▶ Work order:
Restate the listing below word for word, omitting any images.

▶ Given material:

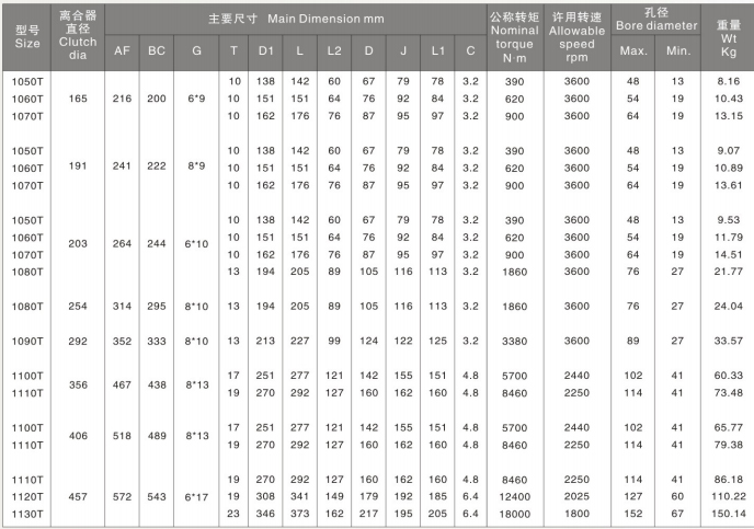 福克T90聯軸器的參數及主要尺寸
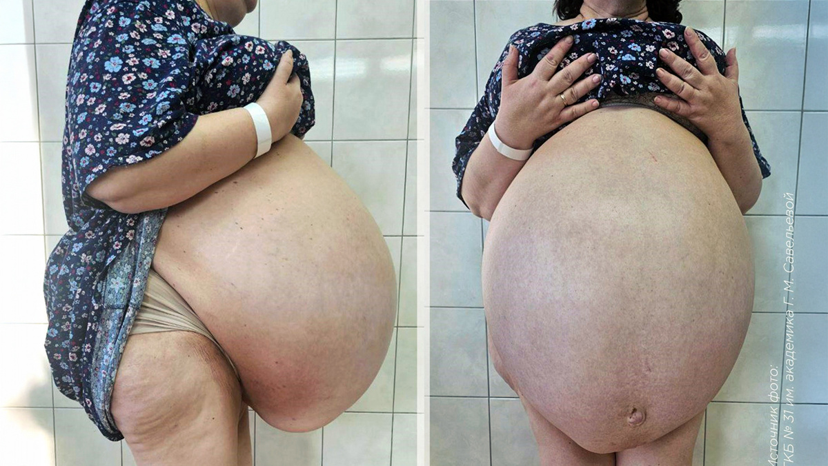 В Центр женского здоровья ГКБ №31 им. академика Г.М. Савельевой обратилась женщина, которую беспокоило увеличение веса. Индекс массы тела пациентки был настолько высоким, что обследование не позволяло определить происхождение кисты. Женщине требовалась операция. Во время операции было выявлено, что женщину беспокоила киста правой доли печени, которая достигала размеров 60×40 см и объема около 40 литров. Кистозное образование занимало практически всю брюшную полость, сдавливало внутренние органы и мешало их нормальному функционированию. Врачи аккуратно удалили кистозное образование, операция прошла без осложнений. В результате масса тела пациентки снизилась с 181 кг до 150 кг. Сейчас женщина выписана и продолжает восстановление амбулаторно под наблюдением врачей. Источник информации: Департамент здравоохранения города Москвы
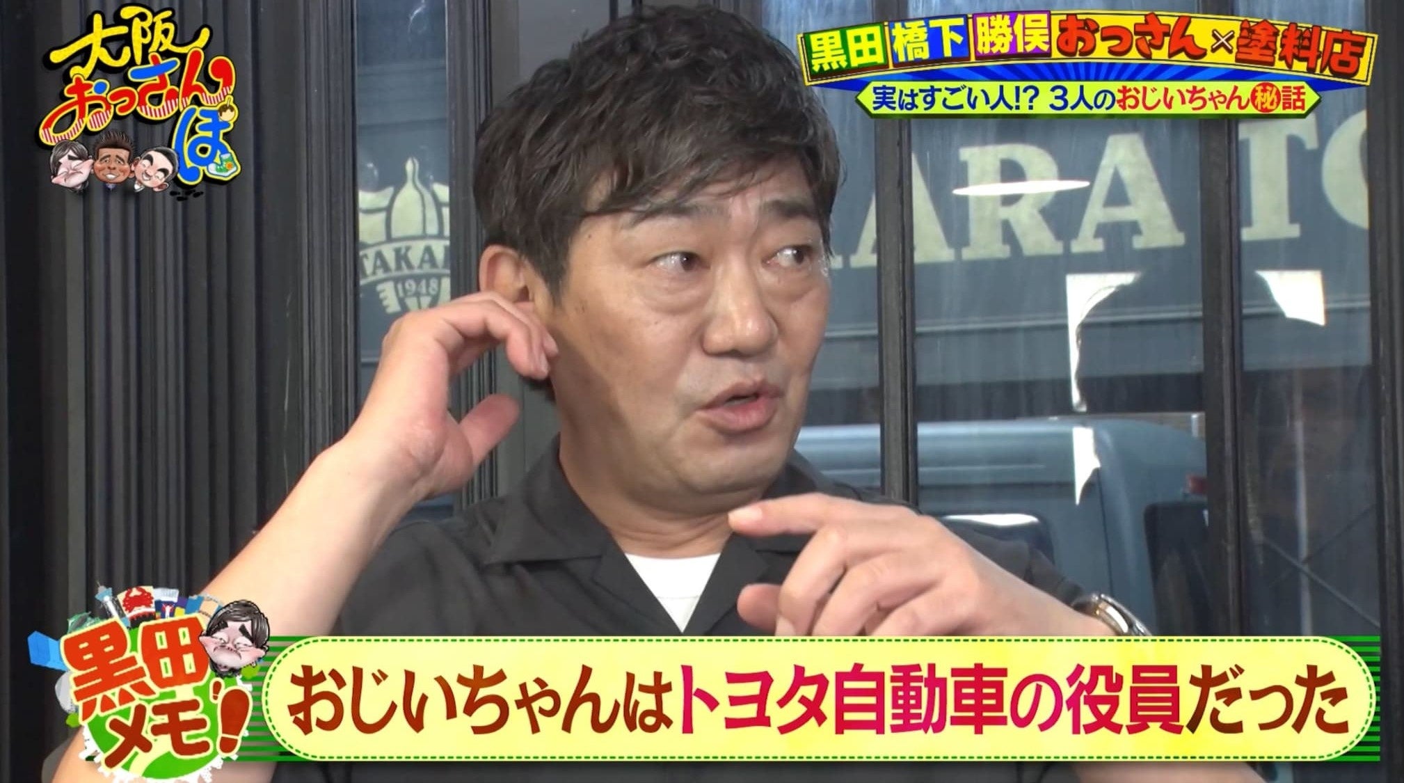 「タカラ塗料」は、代表の大野一馬さんの祖父が創業。黒田が「なぜ継ごうと思ったの?」と質問すると、祖父と孫の絆を感じる素敵なエピソードが明らかに。これを受けて、おっさん3人も自分たちのおじいちゃんの話に。

▶ Exercise response:
 福克T90聯軸器的參數及主要尺寸
 В Центр женского здоровья ГКБ №31 им. академика Г.М. Савельевой обратилась женщина, которую беспокоило увеличение веса. Индекс массы тела пациентки был настолько высоким, что обследование не позволяло определить происхождение кисты. Женщине требовалась операция. Во время операции было выявлено, что женщину беспокоила киста правой доли печени, которая достигала размеров 60×40 см и объема около 40 литров. Кистозное образование занимало практически всю брюшную полость, сдавливало внутренние органы и мешало их нормальному функционированию. Врачи аккуратно удалили кистозное образование, операция прошла без осложнений. В результате масса тела пациентки снизилась с 181 кг до 150 кг. Сейчас женщина выписана и продолжает восстановление амбулаторно под наблюдением врачей. Источник информации: Департамент здравоохранения города Москвы
 「タカラ塗料」は、代表の大野一馬さんの祖父が創業。黒田が「なぜ継ごうと思ったの?」と質問すると、祖父と孫の絆を感じる素敵なエピソードが明らかに。これを受けて、おっさん3人も自分たちのおじいちゃんの話に。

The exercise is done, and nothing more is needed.